### Task instructions
Your answer must be the lines from the one containing "ワークの後は、乗り物のおもちゃを走らせたり、" through the last line of the records below, copied exactly, with the pictures left out.

Supplied entries below:

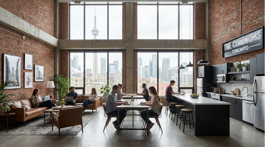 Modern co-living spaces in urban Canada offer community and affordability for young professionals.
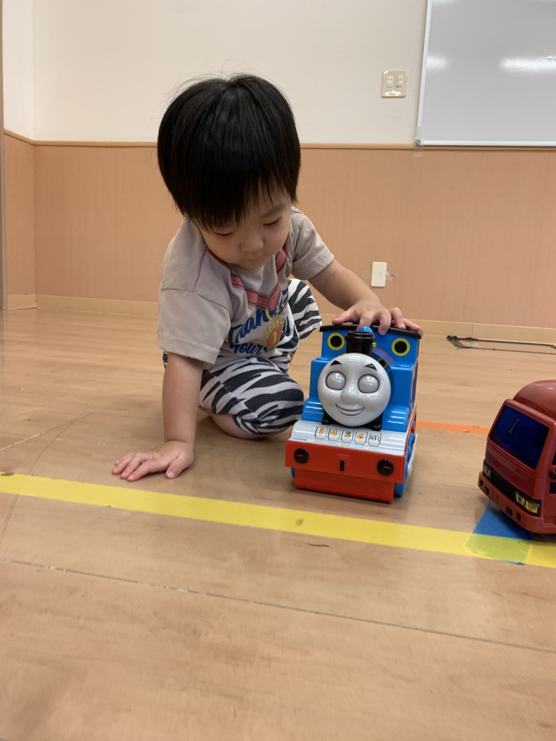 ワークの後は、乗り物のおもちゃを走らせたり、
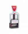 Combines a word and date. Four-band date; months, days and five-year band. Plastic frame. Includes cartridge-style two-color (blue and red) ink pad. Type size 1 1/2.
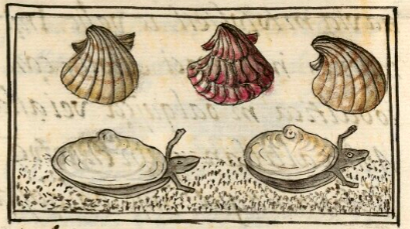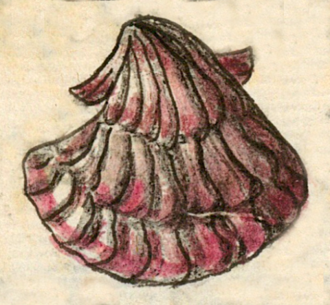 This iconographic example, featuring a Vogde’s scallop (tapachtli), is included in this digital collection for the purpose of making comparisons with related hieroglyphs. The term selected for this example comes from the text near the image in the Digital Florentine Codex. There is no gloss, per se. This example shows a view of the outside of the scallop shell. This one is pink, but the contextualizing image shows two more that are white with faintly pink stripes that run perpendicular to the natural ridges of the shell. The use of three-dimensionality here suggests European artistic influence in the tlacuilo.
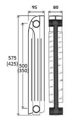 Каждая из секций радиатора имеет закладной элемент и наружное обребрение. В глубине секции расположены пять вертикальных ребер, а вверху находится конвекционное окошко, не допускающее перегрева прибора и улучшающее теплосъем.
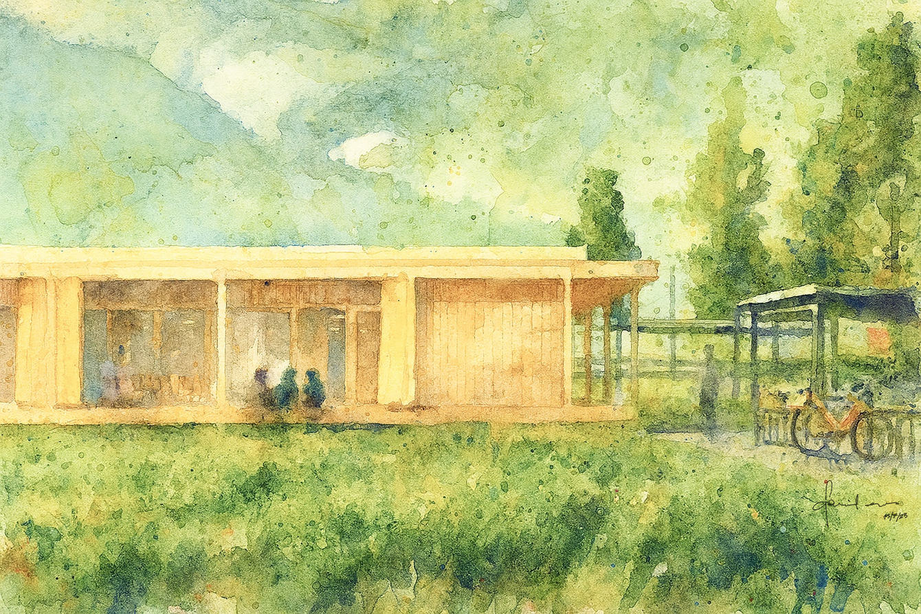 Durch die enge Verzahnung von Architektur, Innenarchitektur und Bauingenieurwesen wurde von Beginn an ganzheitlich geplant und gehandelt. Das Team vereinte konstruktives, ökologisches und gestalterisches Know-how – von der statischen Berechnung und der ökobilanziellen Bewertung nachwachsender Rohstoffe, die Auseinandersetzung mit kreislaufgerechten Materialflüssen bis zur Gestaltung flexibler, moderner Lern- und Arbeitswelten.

End of Supplied entries.

### Response
 ワークの後は、乗り物のおもちゃを走らせたり、
 Combines a word and date. Four-band date; months, days and five-year band. Plastic frame. Includes cartridge-style two-color (blue and red) ink pad. Type size 1 1/2.
 This iconographic example, featuring a Vogde’s scallop (tapachtli), is included in this digital collection for the purpose of making comparisons with related hieroglyphs. The term selected for this example comes from the text near the image in the Digital Florentine Codex. There is no gloss, per se. This example shows a view of the outside of the scallop shell. This one is pink, but the contextualizing image shows two more that are white with faintly pink stripes that run perpendicular to the natural ridges of the shell. The use of three-dimensionality here suggests European artistic influence in the tlacuilo.
 Каждая из секций радиатора имеет закладной элемент и наружное обребрение. В глубине секции расположены пять вертикальных ребер, а вверху находится конвекционное окошко, не допускающее перегрева прибора и улучшающее теплосъем.
 Durch die enge Verzahnung von Architektur, Innenarchitektur und Bauingenieurwesen wurde von Beginn an ganzheitlich geplant und gehandelt. Das Team vereinte konstruktives, ökologisches und gestalterisches Know-how – von der statischen Berechnung und der ökobilanziellen Bewertung nachwachsender Rohstoffe, die Auseinandersetzung mit kreislaufgerechten Materialflüssen bis zur Gestaltung flexibler, moderner Lern- und Arbeitswelten.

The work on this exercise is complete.